ECLI:NL:RBUTR:2000:AA7921

Rechtbank Utrecht

Datum uitspraak
7 september 2000
Publicatiedatum
4 april 2013
Zaaknummer
SBR 98/656
Instantie
Rechtbank Utrecht
Type
Uitspraak
Rechtsgebied
Bestuursrecht; Socialezekerheidsrecht
Procedures
  • Eerste aanleg - meervoudig
Rechters
Vindplaatsen
  • Rechtspraak.nl
AI samenvatting door LexboostAutomatisch gegenereerd

Bepaling van de gedifferentieerde WAO-premie en de invloed van nabetalingen op de premiecalculatie

In deze zaak heeft de arrondissementsrechtbank te Utrecht op 7 september 2000 uitspraak gedaan in een geschil tussen A. BV en het Landelijk instituut sociale verzekeringen (verweerder) over de vaststelling van de gedifferentieerde WAO-premie voor het jaar 1998. Eiseres, A. BV, had bezwaar gemaakt tegen het besluit van verweerder van 5 september 1997, waarin de gedifferentieerde premie voor 1998 op 1,09% was vastgesteld.
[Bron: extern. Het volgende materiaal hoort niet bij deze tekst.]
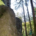 Timo ist inzwischen am Fuß der Felswand angelangt und klinkt sich aus dem für das Abseilen verwendeten Strang aus. Nikolaus Bruder folgt ihm mit Karacho, die Erfahrung macht’s. »Das Abseilen macht am meisten Spaß«, verkünden die beiden unisono, mit glücklich entspannten Gesichtern. Als befänden sie sich auf ebenem Boden, stehen sie auf einem dem gänzlich ungeübten Beobachter doch arg schmal wirkenden Grat, kehren dem brüsk abfallenden Waldhang in aller Selbstverständlichkeit den Rücken zu.

Dit percentage was gebaseerd op nabetalingen die in 1996 waren gedaan aan werknemers als gevolg van herzieningen van hun WAO-uitkeringen. Eiseres betoogde dat deze nabetalingen niet in de berekening van de gedifferentieerde premie betrokken hadden moeten worden, omdat deze betrekking hadden op periodes vóór 1996.

De rechtbank overwoog dat de Wet premiedifferentiatie en marktwerking bij arbeidsongeschiktheidsverzekeringen (Wet Pemba) op 1 januari 1998 in werking was getreden en dat de premie die door de werkgever verschuldigd is, deels afhankelijk is van de aan werknemers uitgekeerde WAO-uitkeringen in een bepaald jaar. De rechtbank concludeerde dat de nabetalingen in 1996 bij de berekening van de opslag aan dat jaar moesten worden toegerekend, wat resulteerde in de vaststelling van de hogere gedifferentieerde premie voor eiseres.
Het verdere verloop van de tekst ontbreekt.